[Data excerpt — start]

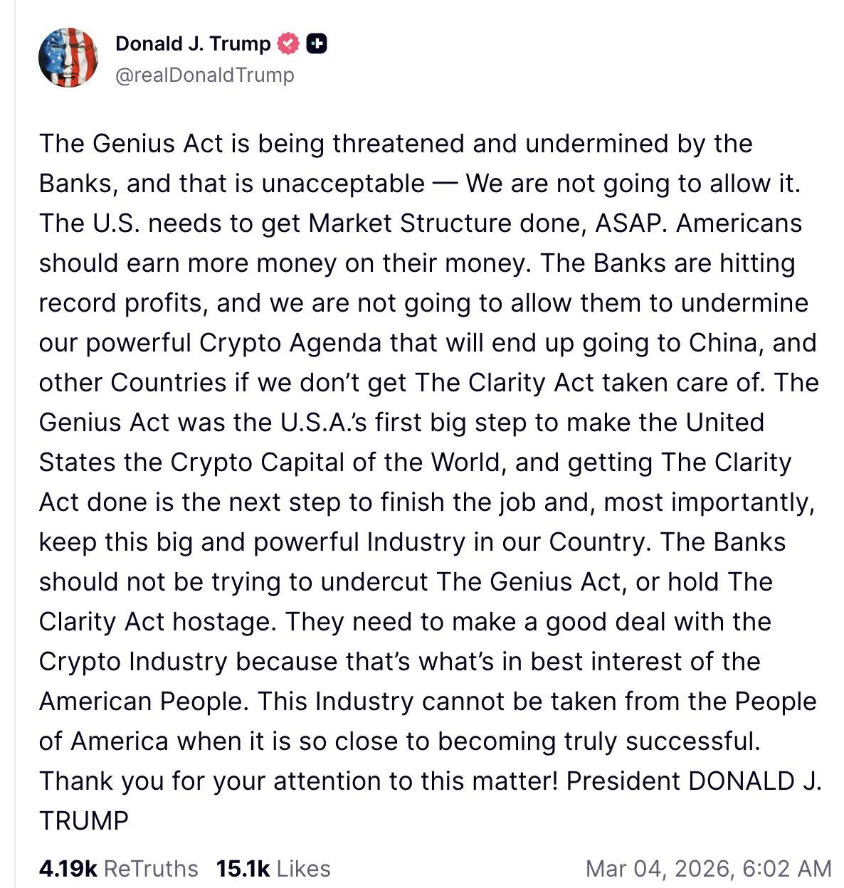 雙方各執一詞,互不相讓。而特朗普在其社交平台Truth Social上對此發文,強烈批評銀行機構試圖破壞GENIUS法案並阻撓CLARITY法案的通過。他表示這些法案對於確保美國成為“加密貨幣之都”至關重要,並警告如不採取行動,該産業可能流向其他國家。特朗普敦促銀行與加密貨幣行業達成協議,強調這符合美國人民的最佳利益,並呼籲盡快完成市場結構改革,讓“美國人從他們的資金中獲得更多收益”。
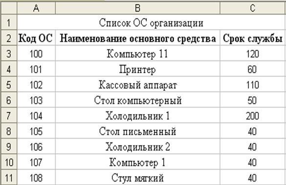 4. На рабочем листе Основные средства MSExcelсоздала таблицу списка ОС организации.
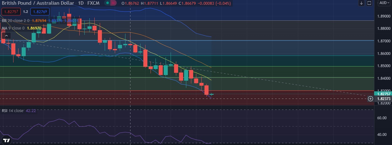 • GBP/AUD may find an interim floor at 1.8247(Lower BB ), The pair is likely to see more downside close below 1.8200 level is likely to open the possibility of run towards 1.8100.
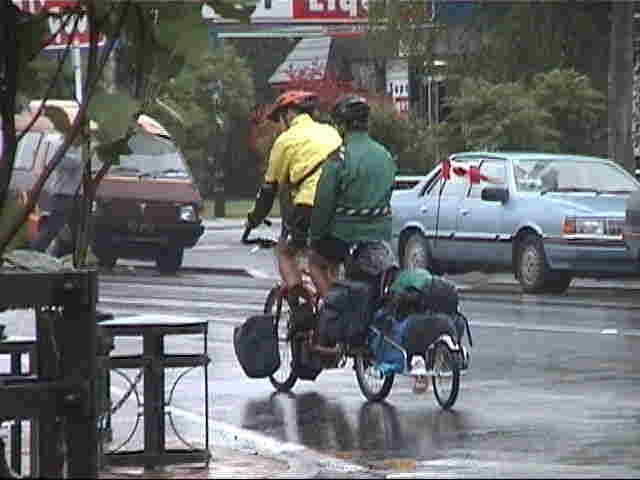 (南島1周のカップルサイクリスト。なんとタンデムにトレーラー)

[Data excerpt — finish]

▶ **What you need to do**:
Lines from the one that contains "run towards 1.8100." through the last line of the data above are to be extracted exactly, with no pictures and no other lines.

▶ **Solution**:
 • GBP/AUD may find an interim floor at 1.8247(Lower BB ), The pair is likely to see more downside close below 1.8200 level is likely to open the possibility of run towards 1.8100.
 (南島1周のカップルサイクリスト。なんとタンデムにトレーラー)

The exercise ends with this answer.